[Task instructions]:
What lines in the material hold the string "perfect"? Copy out each of them.

● ● ●

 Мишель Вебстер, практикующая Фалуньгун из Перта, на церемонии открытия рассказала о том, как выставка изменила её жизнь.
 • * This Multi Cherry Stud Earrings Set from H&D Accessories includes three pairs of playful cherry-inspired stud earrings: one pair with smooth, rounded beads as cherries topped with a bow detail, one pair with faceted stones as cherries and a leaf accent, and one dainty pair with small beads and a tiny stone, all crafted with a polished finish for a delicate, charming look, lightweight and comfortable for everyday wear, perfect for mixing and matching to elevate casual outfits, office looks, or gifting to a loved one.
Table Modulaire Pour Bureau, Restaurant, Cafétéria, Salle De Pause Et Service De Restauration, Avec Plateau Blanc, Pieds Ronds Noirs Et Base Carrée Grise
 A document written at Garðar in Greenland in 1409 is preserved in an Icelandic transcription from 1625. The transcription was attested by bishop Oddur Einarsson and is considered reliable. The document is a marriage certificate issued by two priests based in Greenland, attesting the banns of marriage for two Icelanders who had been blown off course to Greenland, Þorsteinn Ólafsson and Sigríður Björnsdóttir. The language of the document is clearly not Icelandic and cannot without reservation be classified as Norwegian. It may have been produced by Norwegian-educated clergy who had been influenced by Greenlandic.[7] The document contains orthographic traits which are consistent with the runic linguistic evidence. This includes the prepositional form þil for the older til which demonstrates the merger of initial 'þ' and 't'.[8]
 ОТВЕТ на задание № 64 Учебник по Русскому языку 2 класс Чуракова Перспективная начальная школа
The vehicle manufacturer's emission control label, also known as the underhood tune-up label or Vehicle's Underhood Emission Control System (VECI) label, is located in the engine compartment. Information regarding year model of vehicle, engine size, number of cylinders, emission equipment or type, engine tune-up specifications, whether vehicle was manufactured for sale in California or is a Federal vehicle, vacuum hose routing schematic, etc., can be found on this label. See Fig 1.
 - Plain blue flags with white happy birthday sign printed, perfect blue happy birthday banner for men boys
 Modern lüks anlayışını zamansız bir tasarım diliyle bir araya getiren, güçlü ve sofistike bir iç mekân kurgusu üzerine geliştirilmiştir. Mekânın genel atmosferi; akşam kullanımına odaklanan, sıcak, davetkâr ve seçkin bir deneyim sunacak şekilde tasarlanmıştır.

● ● ●

[Output of the exercise]:
 • * This Multi Cherry Stud Earrings Set from H&D Accessories includes three pairs of playful cherry-inspired stud earrings: one pair with smooth, rounded beads as cherries topped with a bow detail, one pair with faceted stones as cherries and a leaf accent, and one dainty pair with small beads and a tiny stone, all crafted with a polished finish for a delicate, charming look, lightweight and comfortable for everyday wear, perfect for mixing and matching to elevate casual outfits, office looks, or gifting to a loved one.
 - Plain blue flags with white happy birthday sign printed, perfect blue happy birthday banner for men boys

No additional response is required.